Wade-Scott of Edelson said filing a high-volume of litigation is “absolutely the business model” of some plaintiffs’ firms, but doesn’t represent the entire bar and can undermine work pursued by other firms.

“The problem is that these high-volume filers often end up constituting the majority of the cases on a particular issue,” Wade-Scott said.

“We have been as outspoken against these firms as we are when we see corporate America engaged in illegal or unethical business practices.”

Limiting Exposure

Those whose core business revolves around delivering video content face the greatest liability exposure from VPPA complaints, while companies that use video for secondary purposes like marketing may be more insulated from video privacy claims going forward, Rockey said.

He pointed to a recent VPPA class action dismissal his team secured by arguing that Tapestry Inc., parent company of fashion brands Coach and Kate Spade, didn’t qualify as a video service provider under the statute.

The rate of case filings could also be falling because many businesses began removing the tracking technology—often an embedded tracking pixel from Meta or Google—from webpages that host video content in an effort to limit legal exposure, he said.
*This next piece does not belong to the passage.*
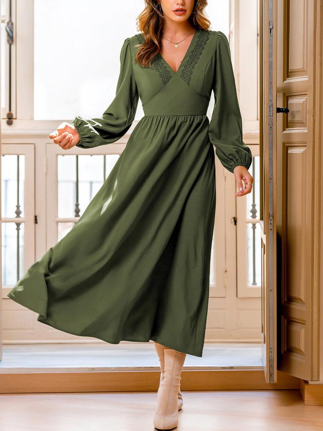 CUPSHE Womens Fall Wedding Guest Dress Long Sleeve V Neck Maxi Dress Smocked Waist Long Flowy Midi Dresses(Green)

But defense attorneys said some ambiguities in the case law still exist, including the standard for determining what’s considered identifiable information and who qualifies as a video service provider under the VPPA.

Appellate courts may soon have a chance to weigh in on some of those very questions, with cases pending before at least the Second, Sixth, and Ninth Circuit courts of appeals.

A handful of district-level cases have been stayed until the Second Circuit addresses how to define a consumer under the video privacy statute in Salazar v. National Basketball Association, where the appellant brief was filed Oct. 31.

Attorneys will be watching those cases closely for “appellate-level clarity,” Baker of Akin Gump said. “In the meantime, though, district court battles are going to continue to wage on and it will be interesting, I think for me, to see how those issues gets resolved at later phases of the case, including the summary judgment stage and potentially class certification stage.”